In 2002, Tung has changed the system of Government such that the posts of top officials are no longer civil servant posts. Instead, such posts are to be held by political appointees, and supported by career civil servants. The new system is dubbed the "accountability system" of principal officials. Under the new system, principal officials are chosen by the Chief Executive and would need to shoulder political responsibilities for their policies and decisions. They can now be more focused on political efforts such as bargaining with Legislative Council members. The system was also supposed to strengthen Tung's hold on the running of the government.
Tung announced resignation on March 10 2005, this being approved by the Central Government two days later. Donald Tsang, as Chief Secretary, assumed duty as Acting Chief Executive. Tsang resigned on May 25 2005 to contest in the by-election. The Financial Secretary assumed duty as Acting Chief Executive, whereas Michael Suen served as Acting Chief Secretary.
Donald Tsang was the only candidate to obtain the required nominations from 100 members of the Election Committee for candidacy, and was, like Tung, declared elected immediately following the close of nominations, and five days later the Central People's Government endorsed his election. He went to Beijing to be formally installed and sworn in.
Overall, the Civil Service still maintains its quality and neutrality nowadays, operating without discernible direction from Beijing.
Legislative branch
There is a unicameral Legislative Council (often abbreviated LegCo) which functions as the main legislative body. The Third Legislative Council (term: 2004-2008) holds 60 seats, 30 having been returned from the twenty-eight functional constituencies (indirect election through the business and economic sectors) and 30 from geographical constituencies (electoral districts) by universal suffrage.
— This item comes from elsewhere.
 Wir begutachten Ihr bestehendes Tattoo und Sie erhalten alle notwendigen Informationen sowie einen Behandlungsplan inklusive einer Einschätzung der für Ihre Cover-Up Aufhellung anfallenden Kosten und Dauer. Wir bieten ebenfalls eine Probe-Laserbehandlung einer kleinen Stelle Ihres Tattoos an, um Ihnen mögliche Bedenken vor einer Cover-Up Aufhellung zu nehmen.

The composition of LegCo's second and third terms was specified by the Basic Law (specifically Ann. 2, Sect. 1). Starting with the Second Legislative Council, members have served four-year terms. The First Legislative Council was in office only two years because of Article 69 of the Basic Law.The geographical constituencies are elected based on proportional representation system with seats allocated according to the largest remainder method with Hare quotas. The functional constituencies are returned using two systems: 4 special functional constituencies (Heung Yee Kuk, Agricultural and Fisheries, Insurance, and Transport) elect their representatives using the preferential elimination system, one (Labour) applies Block vote, while the other 23 ordinary functional constituencies use the first past the post system.
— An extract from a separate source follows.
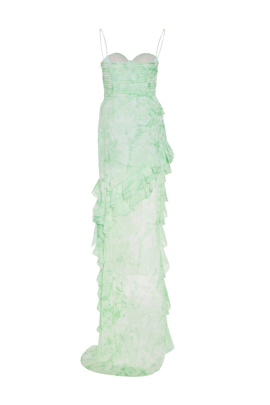 Afra Baskılı Fırfırlı Asimetri Mini Şifon Slip Elbise
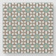 A patterned coaster with a glass of water and lemon slice rests on a gray surface. The coaster has a geometric design in teal, brown, and white.

Under the initial design, the last Legislative Council of Hong Kong under British rule was to be elected according to the Basic Law and would have become the first Legislative Council of the HKSAR. Christopher Patten, the last British Governor of Hong Kong, had extended the electorate of functional constituencies to cover virtually all employees in Hong Kong, and the 1995 Council was therefore elected by virtual universal suffrage. The PRC government strongly criticized such an arrangement as breaching diplomatic agreements between China and the UK, and had set up a Provisional Legislative Council appointed prior to the handover to take over the role of legislature on 1 July 1997.
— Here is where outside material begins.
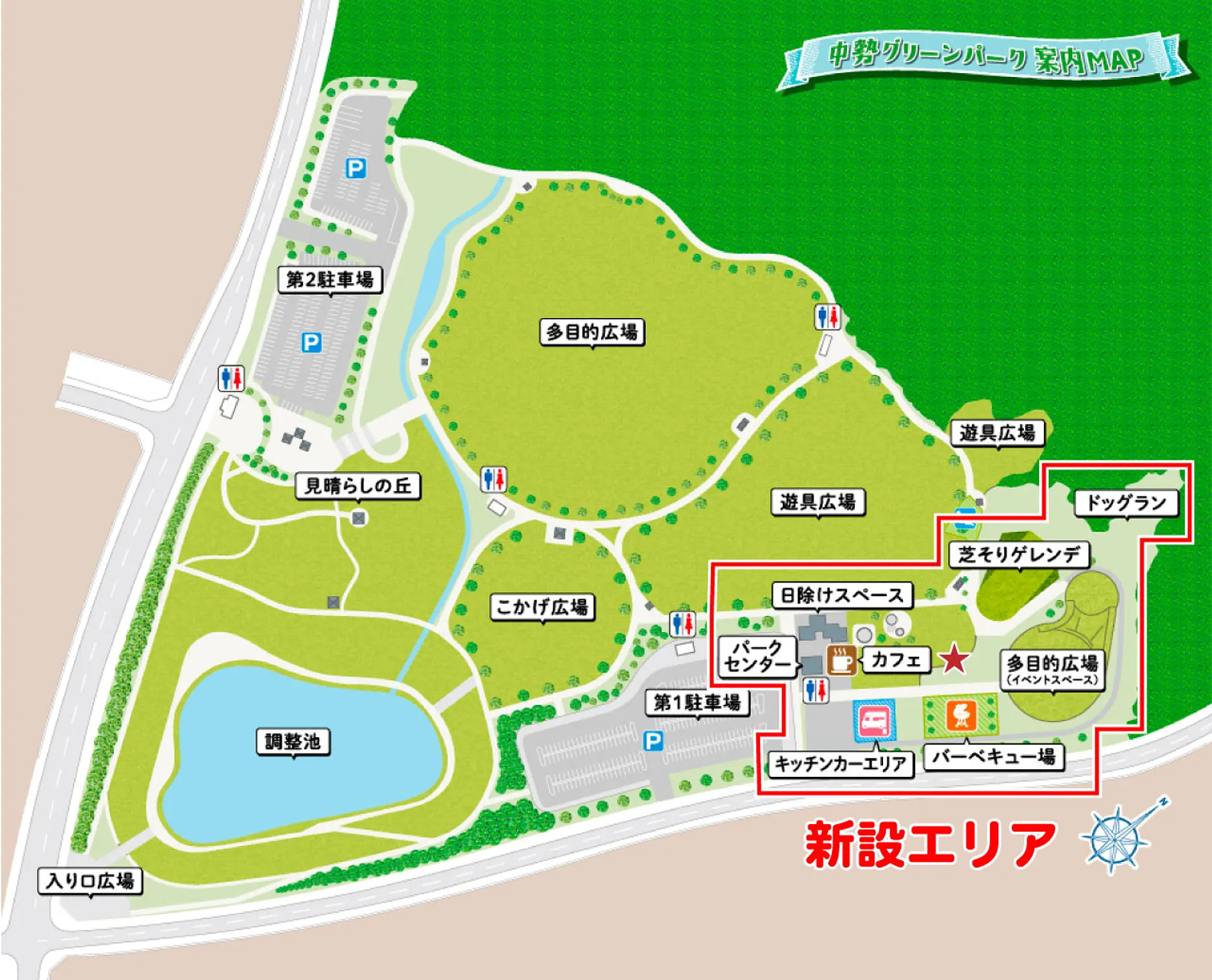 中勢グリーンパークの新設エリアと遊具・施設の情報をお届けしました。

The first Legislative Council elections after the handover proceeded May 24, 1998, the second on September 10, 2000, and the third on September 12, 2004. Thirty seats each are returned from geographical constituencies and functional constituencies (Ann. 2, Sect. 1, Basic Law). The method of selecting legislative council seats from 2008 onwards has become a subject of intense debate in the government recently.
The elections were praised by pro-Government camp as free, open, and widely contested, but were criticized by the pro-democracy camp as unfair and not democratic enough, as some can cast more than one vote (in both geographical and functional constituencies). In all of these elections, the indirect election method spelled out by Annex II of the Basic Law caused the pro-Beijing bloc to win an overall majority of the seats, including a majority of indirectly elected positions while pro-democracy and the independents took most of the directly elected seats. For instance, the 2004 election saw the pro-Beijing camp take 23 of the 30 functional constituency seats and the democratic camp take 18 of 30 directly-elected seats, with the pro-China bloc taking the overall majority in LegCo 35 seats to 25.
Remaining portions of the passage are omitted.